Lab case 367 interpretation

Answers:

Bilirubin = 107 umol/L. That is elevated.

Bilirubin gets elevated either due to increase production or reduced elimination (Like any other substance in the body). That can be caused by a malfunction in any of the three phases of bilirubin production.

  • Prehepatic phase:  That is excessive production of bilirubin,  before bilirubin enter hepatocytes. Excessive heme metabolism, from hemolysis or reabsorption of a large hematoma, results in significant increases in bilirubin, that overwhelms the conjugation process and lead to hyperbilirubinemia (Unconjugated).
  • Intrahepatic phase: viruses, alcohol, and autoimmune disorders are the most common causes of hepatitis. Intrahepatic inflammation disrupts transport of bilirubin and causes hyperbilirubinaemia. (Conjugated).
  • Post=hepatic phase: post-hepatic causes can be divided into intrinsic or extrinsic obstruction of the duct system. Cholelithiasis, tumors and pancreatitis are the most common causes.

Alkaline Phosphatase = 79 U/L, that is within normal range.

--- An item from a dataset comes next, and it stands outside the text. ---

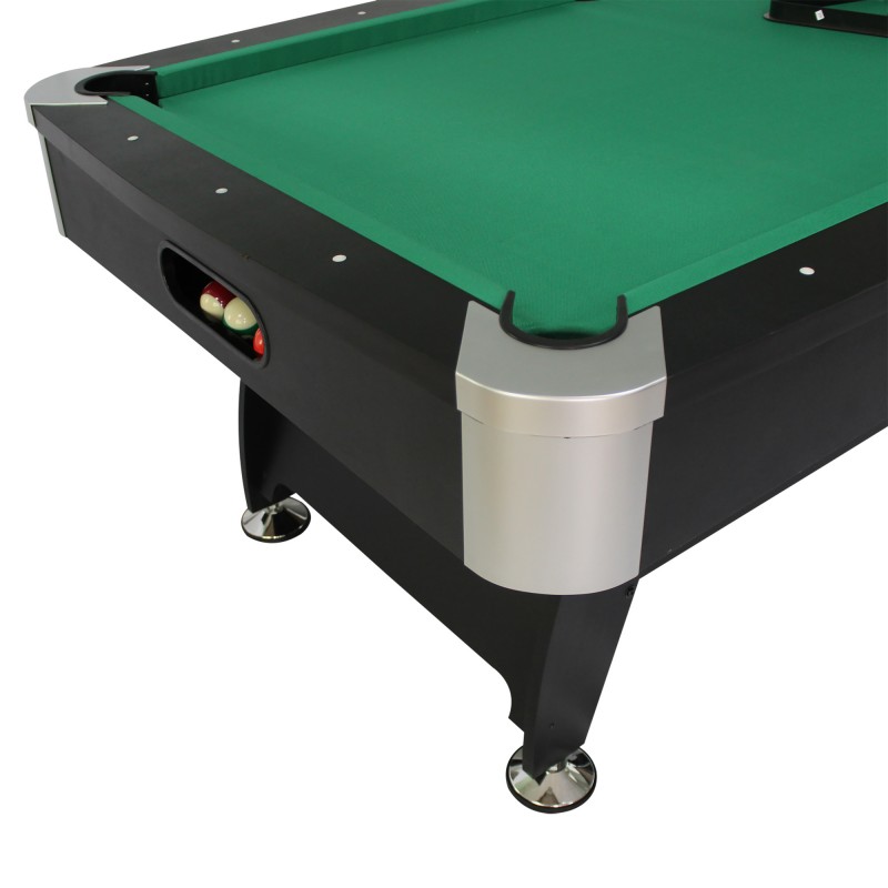 Le tapis de jeu, en tissu spécifique de couleur verte, recouvre la surface de jeu de 193 x 94 cm. Il favorise le roulement des boules grâce à sa planéité parfaite.

Alkaline phosphatases are a group of isoenzymes, located on the outer layer of the cell membrane; they catalyze the hydrolysis of organic phosphate esters present in the extracellular space. These enzymes get elevated in the presence of obstruction, usually in post-hepatic diseases/hyperbilirubinaemia. This patient unlikely to have an obstructive cause for his hyperbilirubinaemia.

GGT = 42 U/L, that is within normal range.

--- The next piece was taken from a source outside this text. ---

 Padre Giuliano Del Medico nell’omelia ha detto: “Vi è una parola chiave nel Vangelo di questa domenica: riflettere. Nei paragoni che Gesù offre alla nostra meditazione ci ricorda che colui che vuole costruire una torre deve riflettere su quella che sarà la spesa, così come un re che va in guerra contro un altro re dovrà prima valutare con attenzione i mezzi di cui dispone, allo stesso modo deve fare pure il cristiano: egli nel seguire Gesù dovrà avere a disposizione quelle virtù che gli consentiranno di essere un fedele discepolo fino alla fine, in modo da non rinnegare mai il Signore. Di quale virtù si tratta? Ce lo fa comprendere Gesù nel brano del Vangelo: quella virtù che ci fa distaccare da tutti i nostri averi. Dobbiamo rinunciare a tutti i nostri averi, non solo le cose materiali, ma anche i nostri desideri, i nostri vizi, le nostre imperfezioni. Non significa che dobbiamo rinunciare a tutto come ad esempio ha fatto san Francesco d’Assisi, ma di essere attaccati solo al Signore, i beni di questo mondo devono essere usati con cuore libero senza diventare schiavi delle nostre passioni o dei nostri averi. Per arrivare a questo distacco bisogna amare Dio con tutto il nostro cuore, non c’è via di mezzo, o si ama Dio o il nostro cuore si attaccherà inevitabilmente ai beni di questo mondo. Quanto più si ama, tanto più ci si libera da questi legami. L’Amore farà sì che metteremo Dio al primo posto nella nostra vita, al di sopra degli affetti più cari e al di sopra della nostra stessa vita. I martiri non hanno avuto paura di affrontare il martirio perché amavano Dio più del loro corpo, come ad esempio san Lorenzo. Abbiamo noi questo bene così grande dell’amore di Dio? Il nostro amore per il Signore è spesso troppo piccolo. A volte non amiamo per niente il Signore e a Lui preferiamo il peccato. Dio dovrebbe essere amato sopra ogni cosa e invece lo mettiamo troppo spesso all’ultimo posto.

GGT is found throughout the body, but mostly in the liver. When there is damage to the liver, GGT leaks into the bloodstream. High levels of GGT in the blood is a sign of liver disease or damage to the bile ducts.

ALT = 47 U/L, that is within normal range

AST = 70 U/L, that is slightly elevated.

Both ALT and AST are intracellular enzymes, they get released in larger quantities with cellular damage. ALT is mainly related to hepatocytes while AST exist in other tissues (red blood cells, heart and other muscles).

Albumin = 25 g/L, that is low.

Low albumin can be caused by decreased production of albumin in the liver or increased loss of albumin through the kidneys, gastrointestinal tract, skin, or extravascular space or increased catabolism of albumin.

In sepsis, there is increased vascular permeability and capillary leakage leading to loss of albumin from the intravascular compartment. Also there is reduced synthesis and increased catabolism of albumin in the presence of severe sepsis.

This patient has low (reversed) Albumin to globulin ratio.

Total protein = Albumin + Globulin. Accordingly Globulin for this patient = 62 – 25, that is 37. This will give us a A/G ratio of 0.67 (Normal ratio value is 0.8 – 2). This indicates overproduction of globulins.

From the information above we can tell that the patient has an infection leading to or causing hemolysis. ( Liver enzymes are within normal range, so we have prehepatic hyperbilirubinaemia).

The most common infections causing haemolysis are:

  1. Malaria
  2. Bartonellosis (South Amerca/ Peru)
  3. Babesiosis (USA)
  4. Haemolytic uremic syndrome

On further history taking, the patient had returned from Kongo three weeks earlier. He was found to have Malaria.

With COVID, the tendency to ask travel history questions was reduced. Now with the opening of the borders we need to ask about travel history.